Afia Charles

Personal information
- Born: July 22, 1992 (age 33) Greenbelt, Maryland, U.S.
- Height: 5 ft 7 in (170 cm)

Sport
- Country: Antigua and Barbuda
- Sport: Running
- Event: 400 m
- University team: UCF

= Afia Charles =

Antiguan sprint athlete (born 1992)

Afia Neliah Charles (born July 22, 1992) is a sprinter from Antigua and Barbuda who specializes in the 400 metre dash.

==Personal life==
Charles is from Greenbelt, Maryland, United States but her mother Ruperta, was born in Antigua and competed for the nation at the 1984 Summer Olympics in Los Angeles. As of 2012, Charles is 5 ft 7 in tall. She attended the University of Central Florida (UCF), where she competes for the UCF Knights track and field team. Her sister Kaila is a professional basketball player for the Golden State Valkyries of the WNBA.

==Career==
Charles went to Eleanor Roosevelt High School where she won the 4 × 400 metres relay in the 2008 Championship of America contested at the Penn Relays. In her freshman year she won the bronze medal in the 400 metres at the 2011 CARIFTA Games held in Montego Bay, Jamaica; competing for Antigua she set a new personal best time of 54.23 seconds. She broke the freshman and school records for the outdoor 400 metres, setting a time of 53.6 seconds and was a member of the 4 × 400 metres relay team that competed at the 2011 NCAA Women's Indoor Track and Field Championship. In her sophomore year she set another school record by running 54.17 seconds on her way to winning the gold medal in the 400 meters at the C-USA Indoor Championships. She was coached at UCF by Caryl Smith-Gilbert.

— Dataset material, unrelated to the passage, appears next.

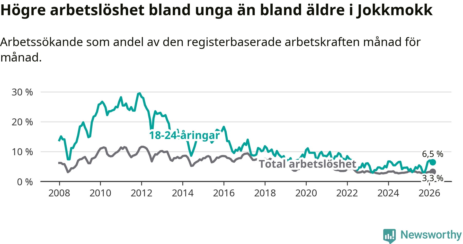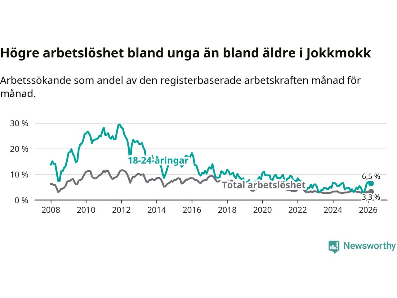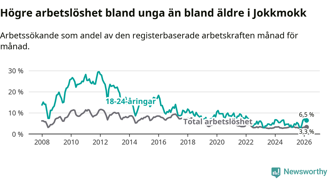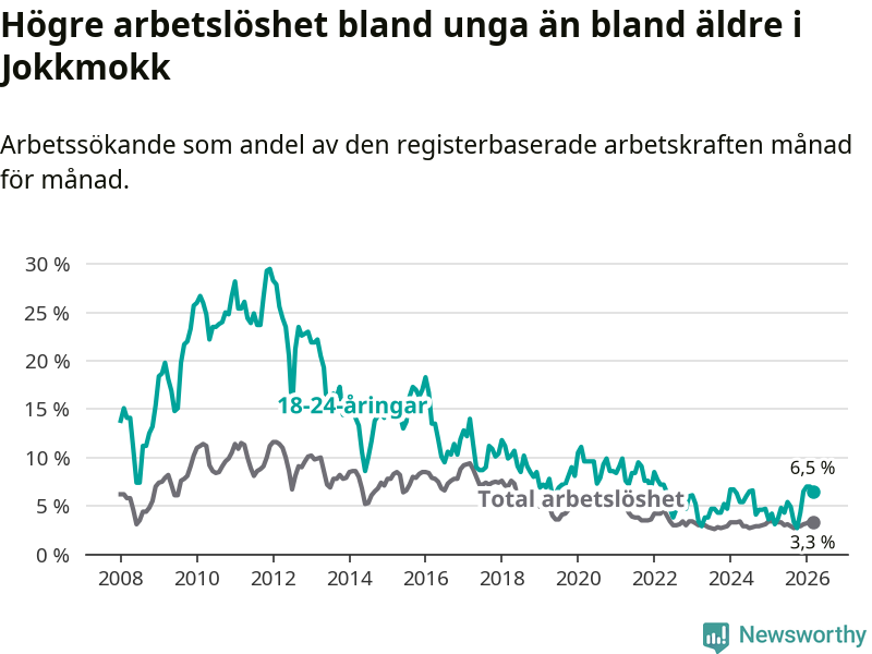 Den senaste månadsstatistiken från Arbetsförmedlingen visar på en uppgång i ungdomsarbetslöshet i Jokkmokks kommun med 3,4 procentenheter. Arbetslösheten bland personer i åldern 18–24 år låg i mars på 6,5 procent.
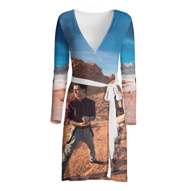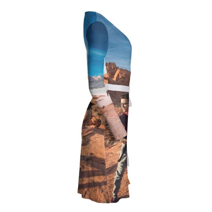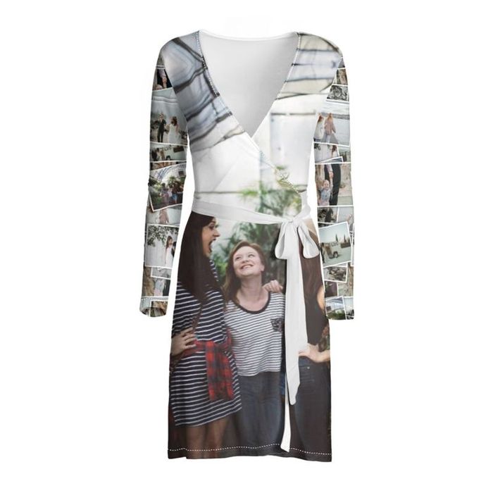 Exprimez votre style avec une robe portefeuille personnalisable imprimée à votre image. Disponible du XXS... Lire plus

In July 2011 she was selected to represent Antigua and Barbuda at the 2012 Summer Olympics in the women's 400 metres. The event was held at the Olympic Stadium from 3 to 5 August. To prepare for the Games Charles worked with Dee Dee Trotter, an Olympic gold medalist at the 2004 Summer Olympics in the 4 × 400 metres relay who had qualified for the 2012 United States team and is a friend of Smith Gilbert from their time together at the University of Tennessee.